Software-Automated Counting of Ki-67 Proliferation Index Correlates With Pathologic Grade and Disease Progression of Follicular Lymphomas

Mark A. Samols MD, PhD, Nathan E. Smith MD, Jonathan M. Gerber MD, Milena Vuica-Ross MD, PhD, Christopher D. Gocke MD, Kathleen H. Burns MD, PhD, Michael J. Borowitz MD, PhD, Toby C. Cornish MD, PhD, Amy S. Duffield MD, PhD
DOI: http://dx.doi.org/10.1309/AJCPTMA1F6LWYTQV 579-587 First published online: 1 October 2013

Abstract

Objectives: To examine the accuracy of software-assisted measurement of the Ki-67 proliferation index (PI) and its correlation with the grade and clinical progression of follicular lymphoma (FL).

Methods: High-power field equivalents were extracted from H&E- and Ki-67–immunostained slides of FL, and a nuclear quantitation algorithm was used to calculate a PI. Representative fields were manually counted for validation with close agreement.

Results: The PI was significantly higher in World Health Organization grade 3 FL than grade 1 to 2 FL. Disease progression, as defined by subsequent treatment with radiation or cytotoxic chemotherapy, was also significantly associated with elevated PI but not pathologic grade.

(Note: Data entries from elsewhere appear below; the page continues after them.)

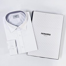 [백화점 정품] 레노마 남성 드레스셔츠 화이트 일반핏 스판소재 정장 와이셔츠 긴팔 (선물포장)
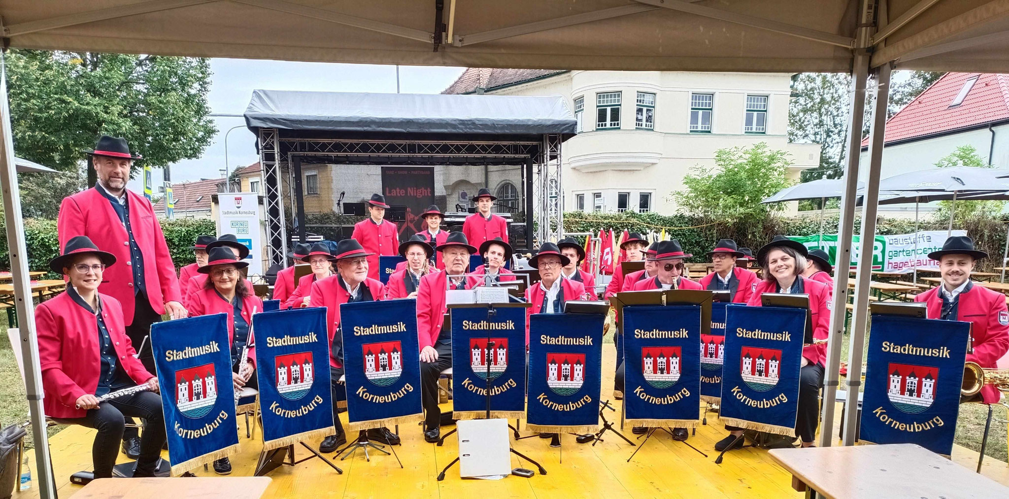 Publikum. So zogen auch die Korneuburger unter der Stabführung von Peter Vasicek ins Festzelt ein und überzeugten die Besucher und Besucherinnen mit beschwingten Melodien. Als besondere
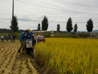 生物資源系列水田班が東横野小学校との交流会(稲刈り・試食会・報告会)を実施しました
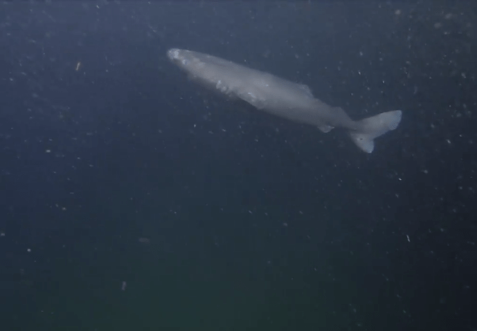 Tiburón duende. Debe su color rosa a la sangre que se acumula por debajo de su piel traslúcida. Mide unos cinco metros. Vive hacia 1300 m.
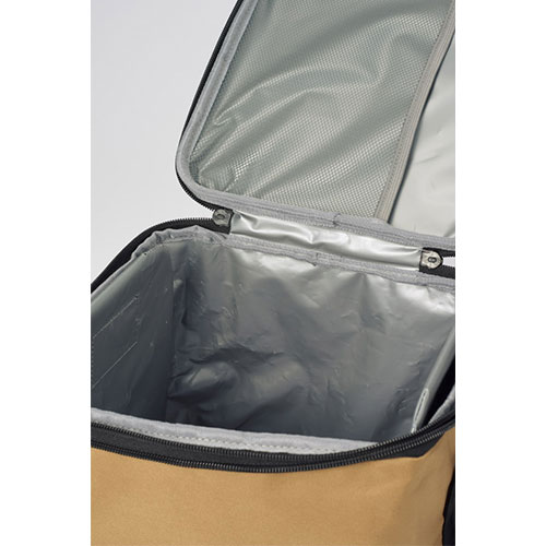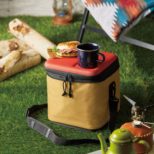 上下面にハードシェルを採用した、折りたたみ式の保冷温バッグ。ファスナー開閉でコンパクトに収納でき、使用時はテーブルとしても使える多機能設計です。キャンプやピクニックに最適。
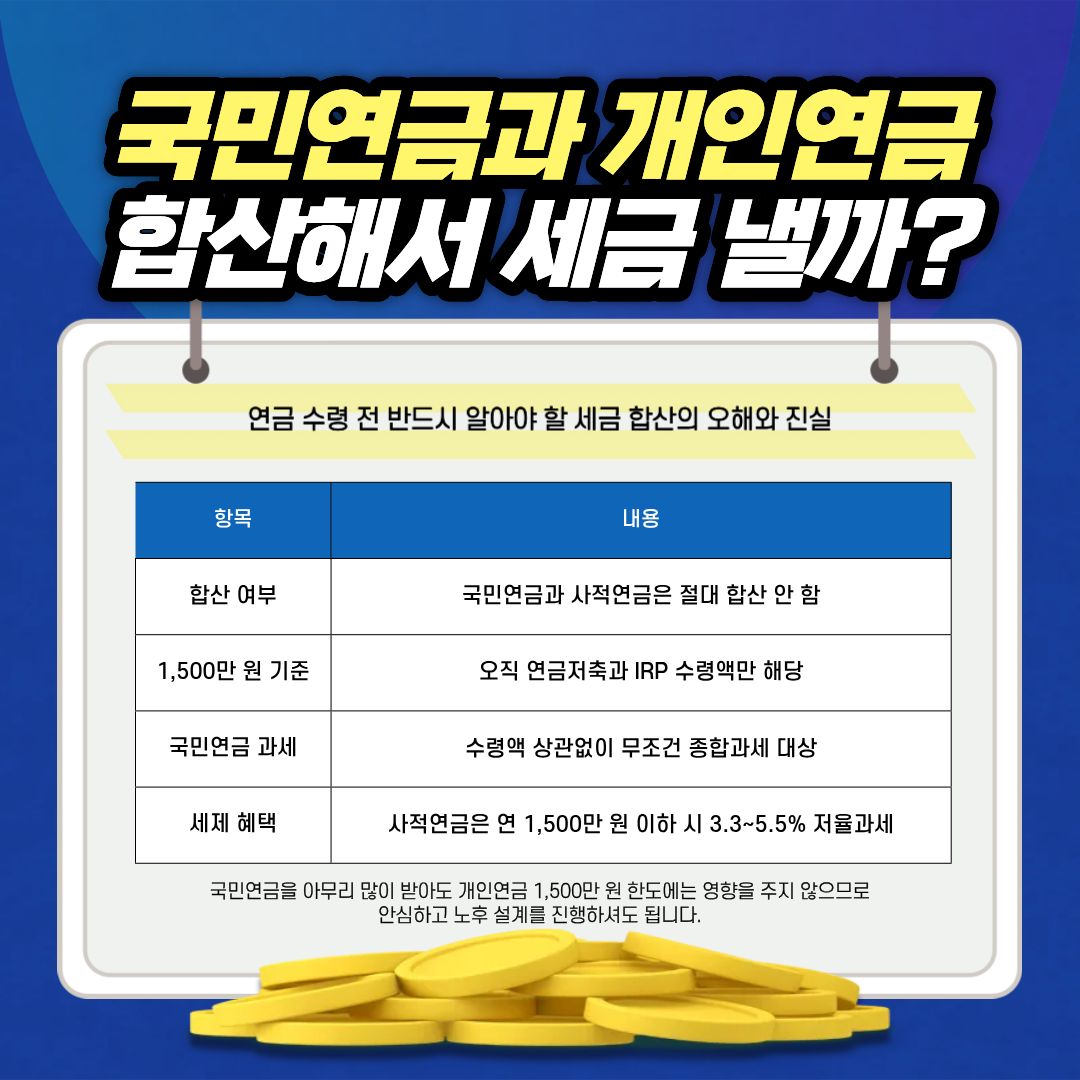 결론부터 말씀드리면 국민연금과 사적연금은 세법상 절대 합산하지 않으며, 사적연금은 연간 1500만 원 이하일 경우 낮은 세율로 분리과세가 가능합니다.
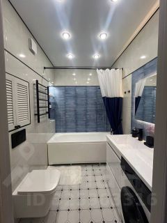 Просторная прихожая, удобная гардеробная, большая ванная комната с полноразмерной ванной, подвесным унитазом, стиральной машиной и системой теплый пол. Сине-бежевая цветовая гамма - еще один отсыл к морскому настроению.
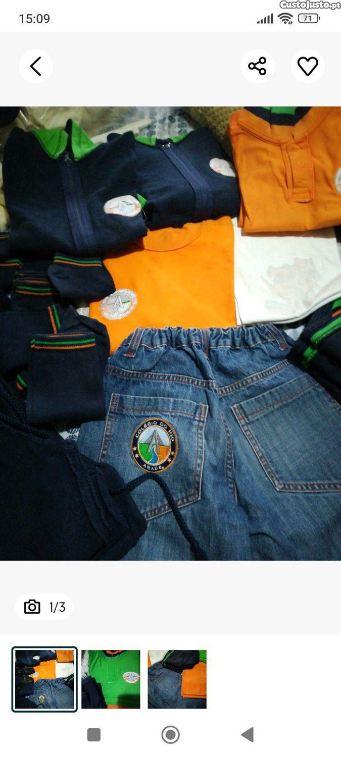 calções, calças de fato de treino, casaco com capuz, pólos, t-shirt, calça de ganga, meias curtas e compridas, pólos de manga comprida.Grande lote de roupa uniforme /farda colégio do Rio, composto por 1 casaco de fato de treino, 3 calças de fato de treino, 1 calças de ganga, 5 t-shirt laranja, 2 com a popota 1 swet de manga comprida, 2 pólos de manga curta, 2 pólos de manga comprida, 4 calções 4 pares de meias mais altas, 8 meias das curtas.
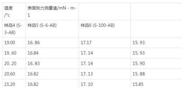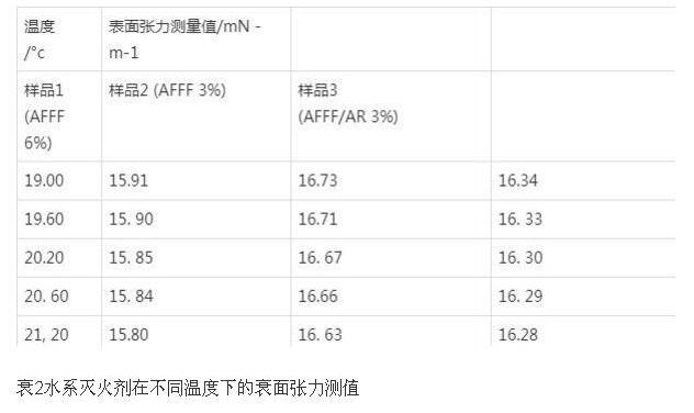 溫度條件對于液體表面張力存在著很大的影響。大量試驗(yàn)數(shù)據(jù)表明,液體的表面張力會隨著溫度的升高而降低。通過對一系列流體滅火劑產(chǎn)品,包括不同配比的泡沫滅火劑(成膜型)、水系滅火劑等樣品進(jìn)行測試,可以清晰地從表1、表2中看出,溫度的變化對流體型滅火剤的表面張力存在一定程度的影響。
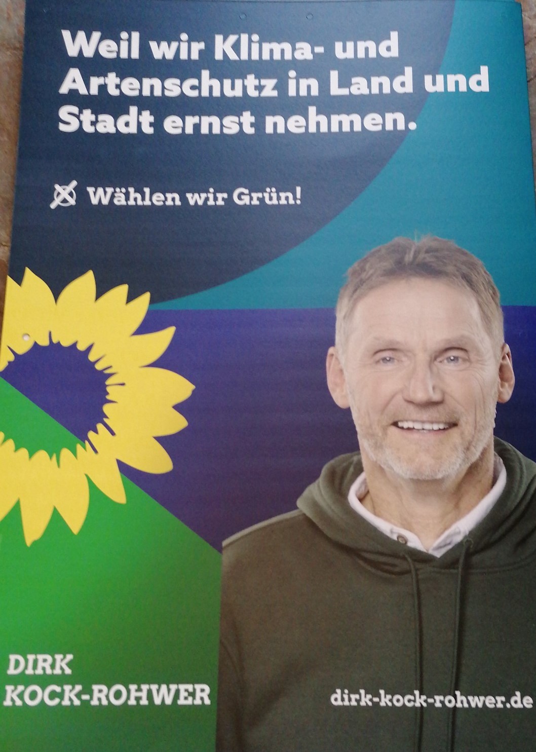 Besonders freuen wir uns über das personalisierte Wahlplakat unseres grünen Direktkandidaten, des Demeter-Landwirts Dipl. Ing. agrar Dirk Kock-Rohwer aus Bönebüttel.

Conclusions: These data show that software-automated quantitation of Ki-67 can provide both a useful adjunct to pathologic grade in FL and improved prognostic information for patients.

Key Words:
  • Follicular lymphoma
  • Ki-67
  • Automated counting
  • Histologic grade
  • Proliferation index
  • Quantitation

Follicular lymphoma (FL) is the most common low-grade B-cell lymphoma and is characterized by neoplastic expansion of follicle center cells. Disease progression in FL is often relatively slow, although more rapid progression is associated with a high score on the FL International Prognostic Index, the presence of associated diffuse large B-cell lymphoma (DLBCL), and high histologic grade.1 Pathologic examination of the tissue is required to determine the histologic grade; currently, this is determined by calculating the mean number of centroblasts per ×40 high-power field (hpf) in 10 neoplastic follicles.2,3

In the 2001 World Health Organization (WHO) classification,4 FL was subdivided into 3 grades: grade 1 was defined as having 0 to 5 centroblasts/hpf, grade 2 with 6 to 15 centroblasts/hpf, and grade 3 with greater than 15 centroblasts/hpf. Grade 3 was further subdivided into 3A, in which the neoplastic follicles contain a mixture of centroblasts and centrocytes, and grade 3B, in which the neoplastic follicles only contain centroblasts. The 3 grades were shown to correlate roughly with disease prognosis, with grades 1 and 2 having a more indolent course and prolonged survival as compared with grade 3 tumors.5,6 In the 2008 WHO classification, grades 1 and 2 were combined into grade 1 to 2 (low-grade) FL due to poor interobserver reproducibility and lack of significant survival differences between grades 1 and 2.2,7,8

The correlation between the Ki-67 proliferation index (PI), histologic grade, and prognosis has been studied in several lymphomas, including FL. These studies relied on various methods for determining Ki-67 PI, including estimating positive cells as well as the more precise but laborious manual counting of cells. In general, these studies demonstrate that high proliferative activity is associated with more aggressive lymphomas, although there was not a clear consensus regarding a “cutoff” Ki-67 PI at which a lymphoma can be designated high or low grade.913

Because it is impractical to count positive cells manually for routine diagnostic purposes and visual estimates are subjective and dependent on observer experience, image analysis is becoming increasingly commonplace for the quantitation of biomarkers in formalin-fixed, paraffin-embedded tissue. Several manufacturers have received Food and Drug Administration clearance to market image analysis software for the measurement of estrogen receptor, progesterone receptor, and HER2 expression in breast cancer, and these methods are well established in current clinical practice.1416 Studies have shown these methods to be accurate and comparable to carefully performed manual quantitation.1719 Thus, the use of image analysis methods can provide consistent and objective measurements of labeling indices.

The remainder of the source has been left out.